At PMI, we’ve chosen to do something incredible. We’re totally transforming our business, and building our future on smoke-free products with the power to improve the lives of a billion smokers worldwide. 

With huge change, comes huge opportunity. So, wherever you join us, you’ll enjoy the freedom to dream up and deliver better, brighter solutions and the space to move your career forward in endlessly different directions.

Role purpose

The SRE Engineer role focuses on improving the reliability, operability, and observability of production services through hands‑on engineering and operational work. The role combines day‑to‑day operational responsibilities with continuous improvement activities across monitoring, alerting, incident support, logging, and automation.

The SRE Engineer works on live systems and is expected to investigate production issues, troubleshoot complex problems, and implement improvements that make services more reliable and easier to operate. This includes configuring and maintaining dashboards, alerts, log views, and automation using established SRE tooling and infrastructure‑as‑code practices. The role is execution‑oriented and applies defined standards and frameworks rather than setting organizational reliability strategy.
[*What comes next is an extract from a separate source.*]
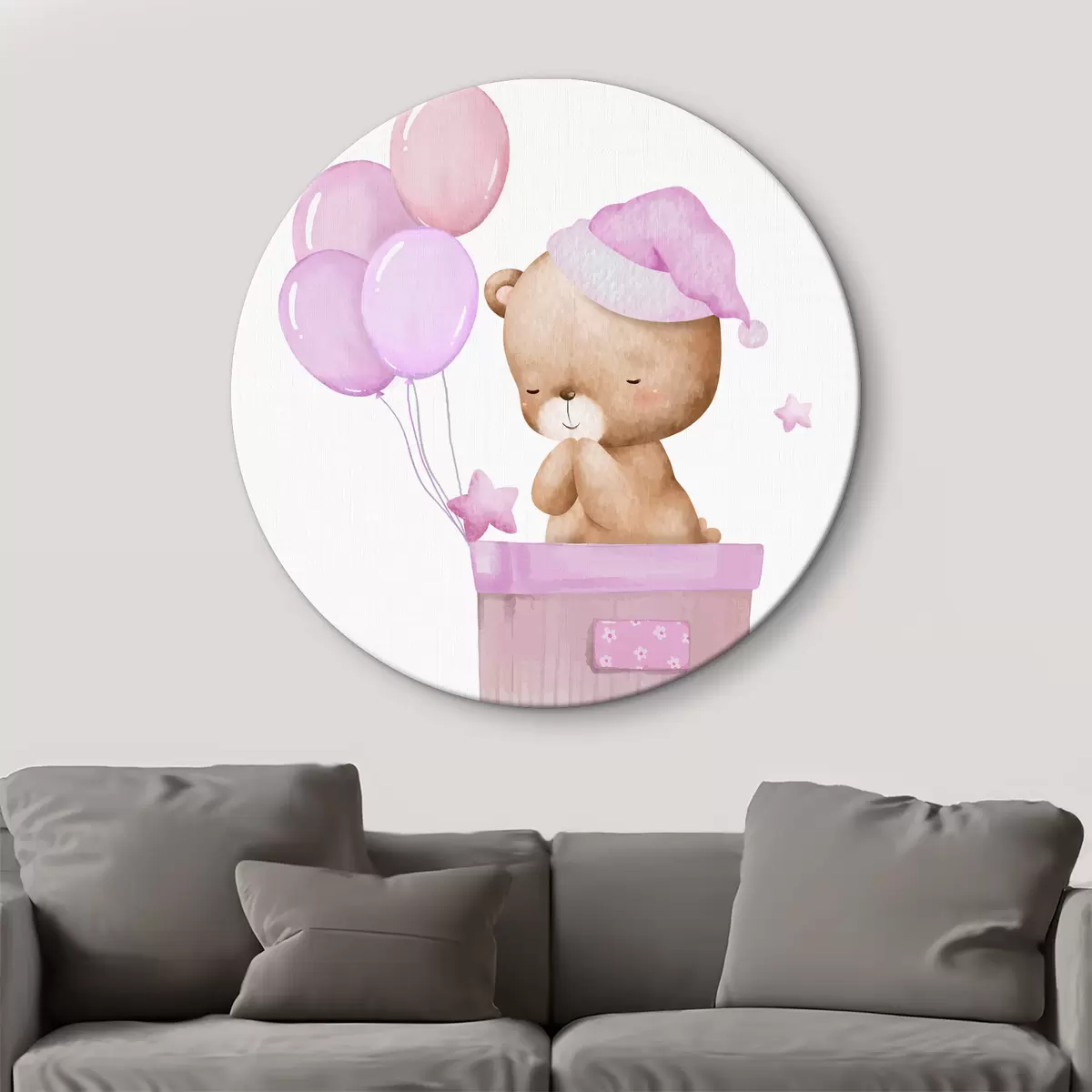 Кругла картина Сплячий плюшевий ведмедик з кульками Nr r37918v2

The role also includes supporting the adoption and usage of SLIs and SLOs by implementing agreed definitions, ensuring correct data sources, and helping teams use reliability signals in daily operations. The focus is on consistent implementation and operational use, not ownership of the reliability framework itself.

An AI‑oriented mindset is expected. This means understanding the concepts and potential applications of AI‑assisted capabilities within SRE tools (for example, anomaly detection, noise reduction, correlation, and automation support), and being able to work with AI‑enabled features where they are available. The role does not require building AI models, but does require the ability to understand how AI‑driven features influence observability, alerting, and operational workflows, and to use these features responsibly within existing tools.
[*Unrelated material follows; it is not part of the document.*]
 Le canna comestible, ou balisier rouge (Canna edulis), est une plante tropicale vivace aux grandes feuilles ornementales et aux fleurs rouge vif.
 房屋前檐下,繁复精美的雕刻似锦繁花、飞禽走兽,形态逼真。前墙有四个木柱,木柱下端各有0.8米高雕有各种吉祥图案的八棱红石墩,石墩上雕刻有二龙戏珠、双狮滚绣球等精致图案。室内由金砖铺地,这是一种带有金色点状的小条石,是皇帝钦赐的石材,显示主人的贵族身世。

In addition, the SRE Engineer is expected to interact with external vendors related to SRE tooling and platforms. This includes acting as a technical point of contact for operational topics such as troubleshooting, integrations, upgrades, and feature usage. Vendor interaction is expected to grow progressively over time, starting with guided collaboration and moving toward more autonomous technical ownership.
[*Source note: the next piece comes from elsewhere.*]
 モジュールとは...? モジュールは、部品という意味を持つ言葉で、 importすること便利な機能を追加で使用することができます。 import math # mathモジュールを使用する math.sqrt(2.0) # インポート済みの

Overall, the role is intended for an engineer who can operate independently on complex tasks, apply SRE practices consistently, understand modern observability and automation tooling (including AI‑assisted capabilities), and contribute to improving reliability through practical, measurable changes.

Key responsibilities

Monitoring & Observability
- Implement and improve monitoring capabilities to ensure real-time visibility and proactive issue detection.
- Design, build, and maintain dashboards, alerts, and supporting telemetry.
On-call & Escalation enablement
- Improve alert routing, escalation policies, and integrations between monitoring and alerting tools.
- Support platform teams in adopting alerting best practices and reducing alert noise.
Incident support and problem management
- Contribute to the resolution of complex incidents through structured troubleshooting and analysis.
- Support root cause analysis, documentation, and corrective actions to prevent recurrence.
Log aggregation & analysis
- Improve log ingestion, analysis, and visualization using ELK.
- Build reusable dashboards and alerts based on log patterns and operational signals.
SLO/SLI implementation
- Support the definition and implementation of SLIs and SLOs.
- Use reliability data and error budgets to guide operational and engineering improvements.
Infrastructure as Code & automation
- Develop and maintain Terraform/Terraform Enterprise assets, including reusable modules.
- Automate onboarding, configuration, and operational workflows to reduce manual effort.
Vendor interaction and management
- Act as a technical point of contact for SRE-related vendors (e.g. observability, alerting, CI/CD).
- Support tool onboarding, upgrades, integrations, and issue resolution with vendors.
- Participate in vendor reviews, follow-ups, and roadmap discussions together with senior engineers or leadership.
- Ensure vendor-provided solutions align with SRE standards, tooling strategy, and operational needs.
Documentation & knowledge sharing
- Maintain technical documentation, runbooks, and operational guidelines.
- Share knowledge within the SRE team and contribute to repeatable, scalable practices.

Must-have capabilities

SRE / Reliability practices

Intermediate understanding of SRE principles and practices.
Ability to handle more complex tasks and contribute to continuous improvement of processes.
Intermediate troubleshooting and problem‑solving skills in production environments.

Technical skills

New Relic: monitoring and alerting setup, including custom dashboards.
ELK: log management, analysis, visualization, and alerting.
Opsgenie: alert management, routing, escalation policies, and integrations.
Terraform / Terraform Enterprise (advanced): IaC tasks, module creation, and lifecycle management.
Bitbucket / GitHub (advanced): branching strategies, pull requests, and code reviews.
Python: scripting and automation, including API integrations.
JavaScript: scripting for automation and tool integrations.
Jenkins: CI/CD pipelines, complex workflows, and integrations.
AWS: understanding of core cloud services and reliability fundamentals.
Vendor coordination
- Ability to work with external vendors on technical topics, including issue triage, implementation support, and follow‑ups.
- Comfortable representing the SRE perspective in discussions with vendors.

Should-have capabilities

Ability to mentor junior engineers and provide technical guidance.
Strong communication and collaboration skills, including working across internal teams and with external vendors.

Nice-to-have capabilities

Understanding of Node.js.
Familiarity with container technologies (Docker, Kubernetes).
Familiarity with Ansible.

Please note that only on-line applications will be taken into consideration.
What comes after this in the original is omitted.